= Task item =
In the listing below, find the line containing "Sweet, colorful, and" and the line containing "Según informa TyC". Repeat exactly those two lines and every line between them.

---

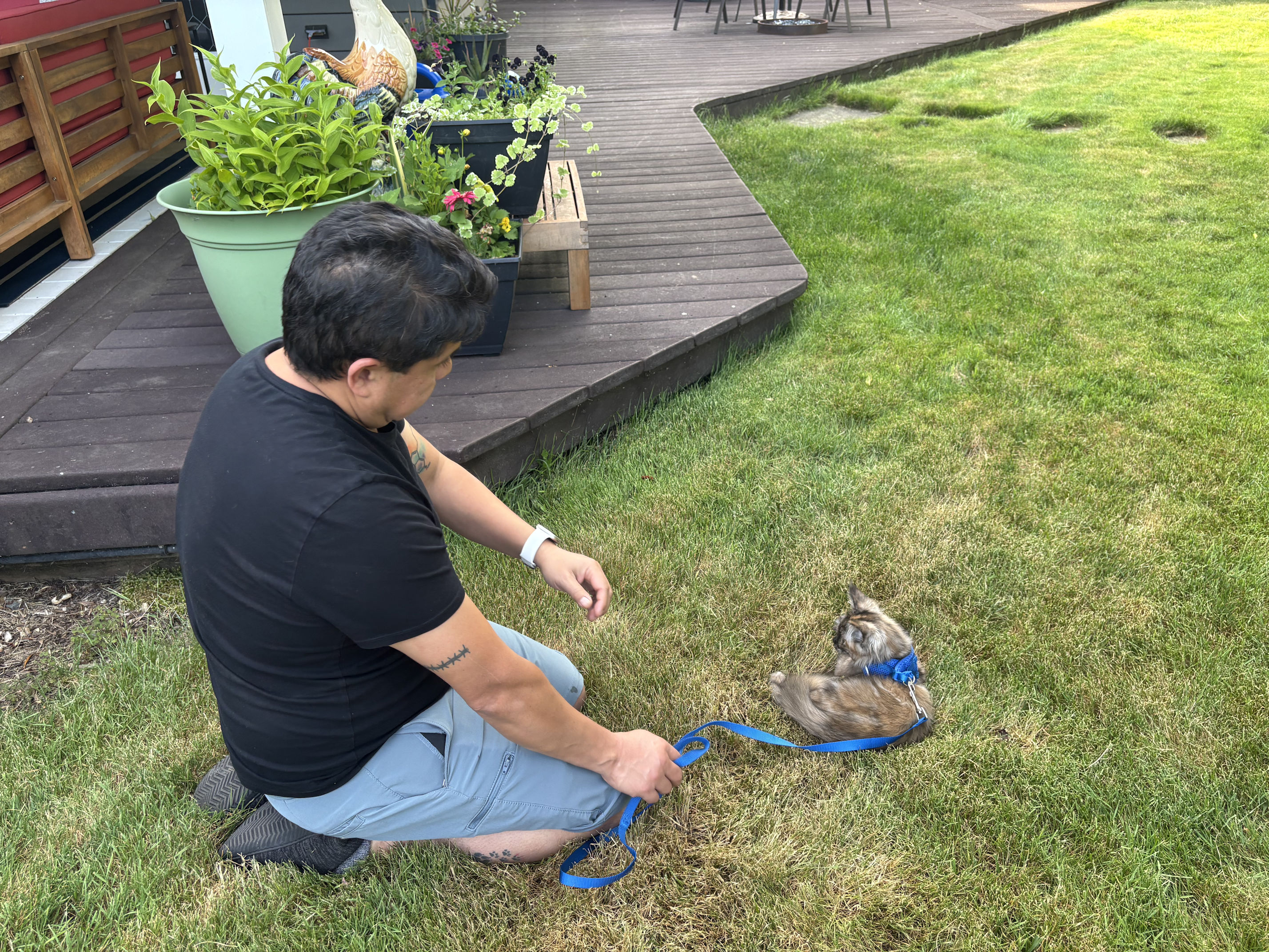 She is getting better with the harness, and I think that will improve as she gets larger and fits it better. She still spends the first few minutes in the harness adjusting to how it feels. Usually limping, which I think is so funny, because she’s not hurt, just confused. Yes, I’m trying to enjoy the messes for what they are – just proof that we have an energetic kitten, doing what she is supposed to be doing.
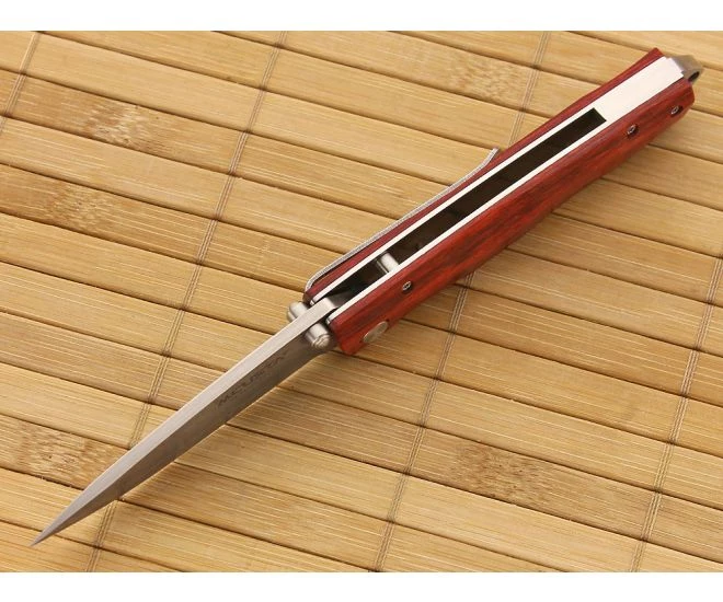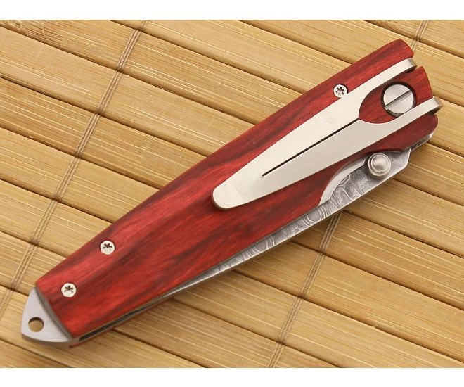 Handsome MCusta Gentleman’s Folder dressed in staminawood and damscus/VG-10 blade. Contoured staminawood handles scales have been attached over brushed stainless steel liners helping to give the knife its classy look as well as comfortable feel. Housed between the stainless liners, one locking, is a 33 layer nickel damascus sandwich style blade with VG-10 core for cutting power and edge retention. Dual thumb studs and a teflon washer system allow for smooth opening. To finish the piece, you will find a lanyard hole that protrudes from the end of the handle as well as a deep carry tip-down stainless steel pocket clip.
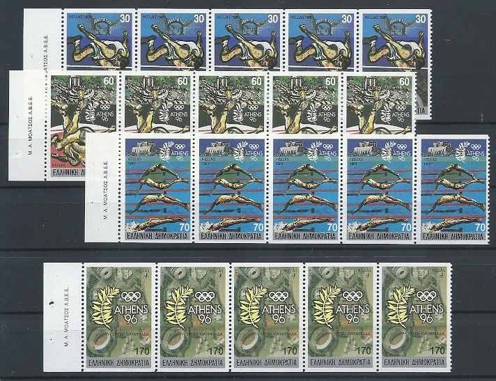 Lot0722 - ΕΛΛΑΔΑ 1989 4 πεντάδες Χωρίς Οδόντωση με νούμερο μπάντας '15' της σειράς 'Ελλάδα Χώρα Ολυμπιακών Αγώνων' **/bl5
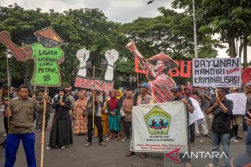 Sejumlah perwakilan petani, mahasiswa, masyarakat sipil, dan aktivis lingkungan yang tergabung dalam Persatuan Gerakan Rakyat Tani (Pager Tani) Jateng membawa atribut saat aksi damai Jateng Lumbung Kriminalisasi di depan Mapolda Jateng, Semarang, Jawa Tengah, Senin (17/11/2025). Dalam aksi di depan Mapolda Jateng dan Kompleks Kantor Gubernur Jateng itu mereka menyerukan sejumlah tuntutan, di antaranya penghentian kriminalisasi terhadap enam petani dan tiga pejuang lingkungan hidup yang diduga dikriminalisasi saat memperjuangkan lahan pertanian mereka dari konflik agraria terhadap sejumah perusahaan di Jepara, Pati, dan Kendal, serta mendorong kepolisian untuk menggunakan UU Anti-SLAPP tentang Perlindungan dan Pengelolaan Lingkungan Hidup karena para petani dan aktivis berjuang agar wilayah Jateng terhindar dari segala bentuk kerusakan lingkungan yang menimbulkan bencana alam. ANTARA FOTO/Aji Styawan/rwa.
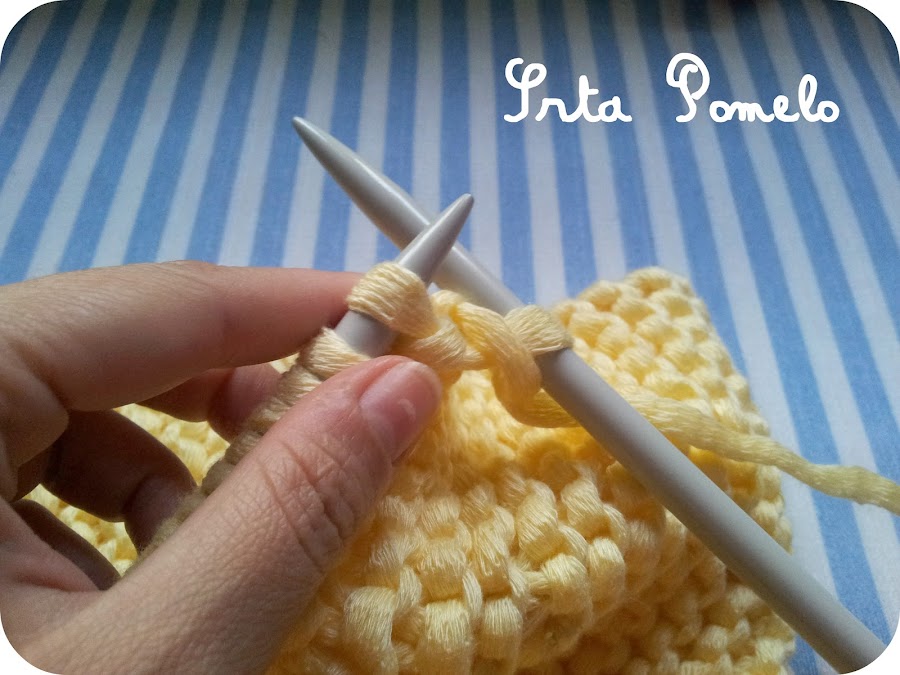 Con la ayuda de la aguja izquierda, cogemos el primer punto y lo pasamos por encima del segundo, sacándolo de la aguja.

---

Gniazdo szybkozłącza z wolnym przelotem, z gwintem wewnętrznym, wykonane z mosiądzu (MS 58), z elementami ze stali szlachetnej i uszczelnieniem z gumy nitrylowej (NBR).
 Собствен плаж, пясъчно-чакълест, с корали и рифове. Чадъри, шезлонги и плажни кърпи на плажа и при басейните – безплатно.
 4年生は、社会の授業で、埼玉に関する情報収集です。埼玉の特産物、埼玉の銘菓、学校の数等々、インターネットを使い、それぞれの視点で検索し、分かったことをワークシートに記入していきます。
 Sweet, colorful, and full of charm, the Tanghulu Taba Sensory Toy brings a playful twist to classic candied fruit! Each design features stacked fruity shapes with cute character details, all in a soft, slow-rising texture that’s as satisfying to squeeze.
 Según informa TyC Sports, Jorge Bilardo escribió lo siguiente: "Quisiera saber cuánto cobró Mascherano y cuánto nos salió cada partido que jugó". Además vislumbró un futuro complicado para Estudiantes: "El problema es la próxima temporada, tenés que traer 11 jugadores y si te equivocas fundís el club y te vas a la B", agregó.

---

= Completed task =
 Sweet, colorful, and full of charm, the Tanghulu Taba Sensory Toy brings a playful twist to classic candied fruit! Each design features stacked fruity shapes with cute character details, all in a soft, slow-rising texture that’s as satisfying to squeeze.
 Según informa TyC Sports, Jorge Bilardo escribió lo siguiente: "Quisiera saber cuánto cobró Mascherano y cuánto nos salió cada partido que jugó". Además vislumbró un futuro complicado para Estudiantes: "El problema es la próxima temporada, tenés que traer 11 jugadores y si te equivocas fundís el club y te vas a la B", agregó.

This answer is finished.